Bits of the buffer.c based write_end implementations that don't know
about buffer_heads and can be reused by other implementations.

Signed-off-by: Christoph Hellwig <[email protected]>
---
fs/buffer.c | 67 +++++++++++++++++++++++++++++++----------------------------
fs/internal.h | 2 ++
2 files changed, 37 insertions(+), 32 deletions(-)

diff --git a/fs/buffer.c b/fs/buffer.c
index cabc045f483d..aba2a948b235 100644
--- a/fs/buffer.c
+++ b/fs/buffer.c
@@ -2076,6 +2076,40 @@ int block_write_begin(struct address_space *mapping, loff_t pos, unsigned len,
}
EXPORT_SYMBOL(block_write_begin);

+int __generic_write_end(struct inode *inode, loff_t pos, unsigned copied,
+ struct page *page)
+{
+ loff_t old_size = inode->i_size;
+ bool i_size_changed = false;
+
+ /*
+ * No need to use i_size_read() here, the i_size cannot change under us
+ * because we hold i_rwsem.
+ *
+ * But it's important to update i_size while still holding page lock:
+ * page writeout could otherwise come in and zero beyond i_size.
+ */
+ if (pos + copied > inode->i_size) {
+ i_size_write(inode, pos + copied);
+ i_size_changed = true;
+ }
+
+ unlock_page(page);
+ put_page(page);
+
+ if (old_size < pos)
+ pagecache_isize_extended(inode, old_size, pos);
+ /*
+ * Don't mark the inode dirty under page lock. First, it unnecessarily
+ * makes the holding time of page lock longer. Second, it forces lock
+ * ordering of page lock and transaction start for journaling
+ * filesystems.
+ */
+ if (i_size_changed)
+ mark_inode_dirty(inode);
+ return copied;
+}
+
int block_write_end(struct file *file, struct address_space *mapping,
loff_t pos, unsigned len, unsigned copied,
struct page *page, void *fsdata)
@@ -2116,39 +2150,8 @@ int generic_write_end(struct file *file, struct address_space *mapping,
loff_t pos, unsigned len, unsigned copied,
struct page *page, void *fsdata)
{
- struct inode *inode = mapping->host;
- loff_t old_size = inode->i_size;
- int i_size_changed = 0;
-
copied = block_write_end(file, mapping, pos, len, copied, page, fsdata);
-
- /*
- * No need to use i_size_read() here, the i_size
- * cannot change under us because we hold i_mutex.
- *
- * But it's important to update i_size while still holding page lock:
- * page writeout could otherwise come in and zero beyond i_size.
- */
- if (pos+copied > inode->i_size) {
- i_size_write(inode, pos+copied);
- i_size_changed = 1;
- }
-
- unlock_page(page);
- put_page(page);
-
- if (old_size < pos)
- pagecache_isize_extended(inode, old_size, pos);
- /*
- * Don't mark the inode dirty under page lock.
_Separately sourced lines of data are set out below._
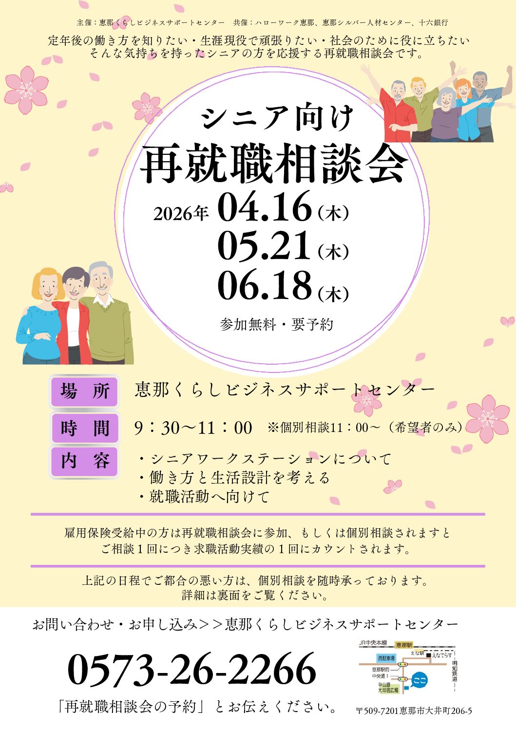 そんな気持ちを持ったシニアの方を応援する再就職相談会です。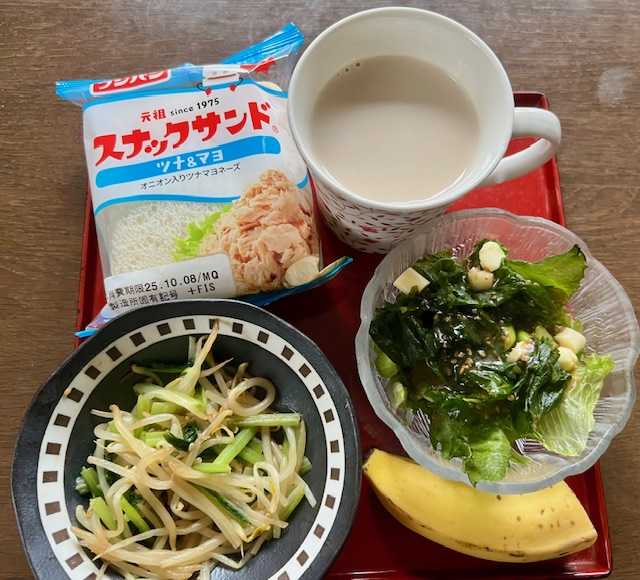 朝食(ブランチ)は、スナックサンド・ツナ&マヨ、カフェオレ、バナナ、小松菜・モヤシ炒め、薩摩芋煮、チーズ・枝豆・サニーレタスサラダ。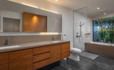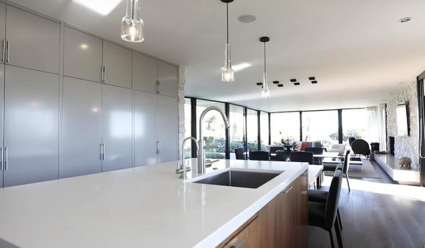 As one would expect from a tech designer the 3000 sq.ft. home is packed full of with smart features; Window curtains and blinds, lighting, temperature, security, music and video can all be enabled and configured via a special remote.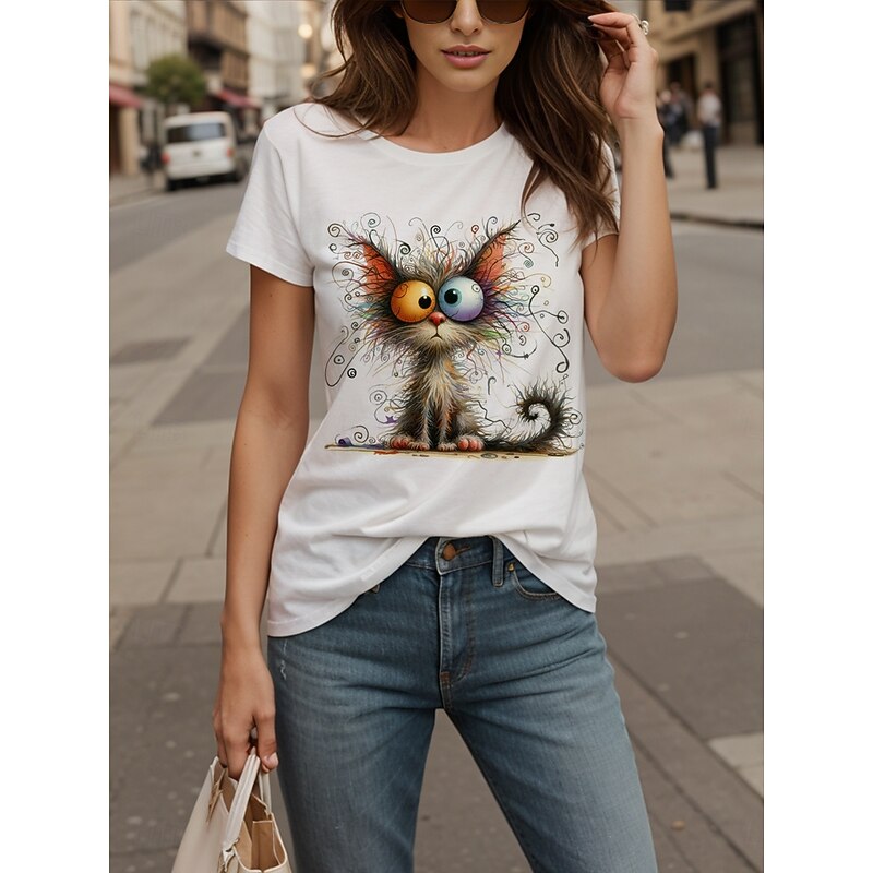 More information about Women's T Shirt Graphic Animal Cat Vintage Stylish Classic Short Sleeve Crew Neck Round Neck Regular Tops Daily Weekend Print White Summer Spring

First, it unnecessarily
- * makes the holding time of page lock longer. Second, it forces lock
- * ordering of page lock and transaction start for journaling
- * filesystems.
- */
- if (i_size_changed)
- mark_inode_dirty(inode);
-
- return copied;
+ return __generic_write_end(mapping->host, pos, copied, page);
}
EXPORT_SYMBOL(generic_write_end);

diff --git a/fs/internal.h b/fs/internal.h
index 980d005b21b4..4a18bdbd2214 100644
--- a/fs/internal.h
+++ b/fs/internal.h
@@ -43,6 +43,8 @@ static inline int __sync_blockdev(struct block_device *bdev, int wait)
extern void guard_bio_eod(int rw, struct bio *bio);
extern int __block_write_begin_int(struct page *page, loff_t pos, unsigned len,
get_block_t *get_block, struct iomap *iomap);
+int __generic_write_end(struct inode *inode, loff_t pos, unsigned copied,
+ struct page *page);

/*
* char_dev.c
--
2.14.2

2018-06-06 10:40:32

by Christoph Hellwig

[permalink] [raw]
Subject: [PATCH 5/6] iomap: generic inline data handling

From: Andreas Gruenbacher <[email protected]>

Add generic inline data handling by adding a pointer to the inline data
region to struct iomap. When handling a buffered IOMAP_INLINE write,
iomap_write_begin will copy the current inline data from the inline data
region into the page cache, and iomap_write_end will copy the changes in
the page cache back to the inline data region.

This doesn't cover inline data reads and direct I/O yet because so far,
we have no users.

Signed-off-by: Andreas Gruenbacher <[email protected]>
[hch: small cleanups to better fit in with other iomap work]
Signed-off-by: Christoph Hellwig <[email protected]>
---
fs/iomap.c | 62 +++++++++++++++++++++++++++++++++++++++++++++------
include/linux/iomap.h | 1 +
2 files changed, 56 insertions(+), 7 deletions(-)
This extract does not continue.